Après ce qui vient d’être dit, je puis ne pas insister sur les services que l’histoire ancienne nous a rendus. Je me contente de mentionner, en finissant, le plus important de tous. Avec ses défauts et ses qualités, grâce à la saisissante beauté des scènes qu’elle décrit, au souci qu’elle a de la simplicité, de l’harmonie, des belles proportions, de la perfection de la forme, à la part qu’elle fait à la morale, au soin qu’elle prend dépeindre le moins possible des êtres d’exception, et, en grandissant ses personnages, de leur laisser ce fond commun d’humanité qui fait qu’ils restent en communication avec nous, et que, tout en dominant la foule par leur haute taille, ils marchent au milieu d’elle, on s’explique comment elle s’est trouvée être un admirable instrument d’éducation.
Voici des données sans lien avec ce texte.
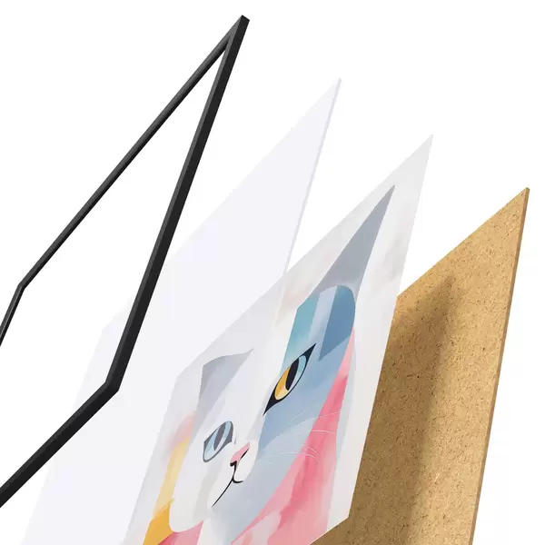A poszter keretből, plexiből, nyomtatott képből és forgácslap hátlapból áll. A poszter a hátoldalon található rögzítőknek köszönhetően azonnal felakasztható a falra.
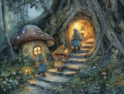 במחילות קצת חשוך, אבל הגמדים לא מפחדים. הם מדליקים פנסים קטנים שעשויים מגחליליות זוהרות, והאור הרך מאיר את המחילות בצבעים קסומים של ירוק, כחול וסגול. הם מתכרבלים יחד על כריות רכות ושמיכות צבעוניות, מספרים סיפורים ושרים שירים שקטים.

Depuis la Renaissance, elle a élevé toute la jeunesse du monde civilisé. On nous dit qu’en ce moment le charme est rompu et qu’on s’éloigne d’elle. Je ne suis pas sûr qu’on ait raison de le dire, et je doute que nos jeunes gens soient devenus aussi insensibles qu’on le prétend aux beaux récits de Plutarque et de Tite-Live, qui ont ému leurs pères. Ce que je sais, ce que je puis affirmer, c’est que le jour où l’histoire ancienne aura disparu de nos écoles, il y manquera quelque chose.


GASTON BOISSIER.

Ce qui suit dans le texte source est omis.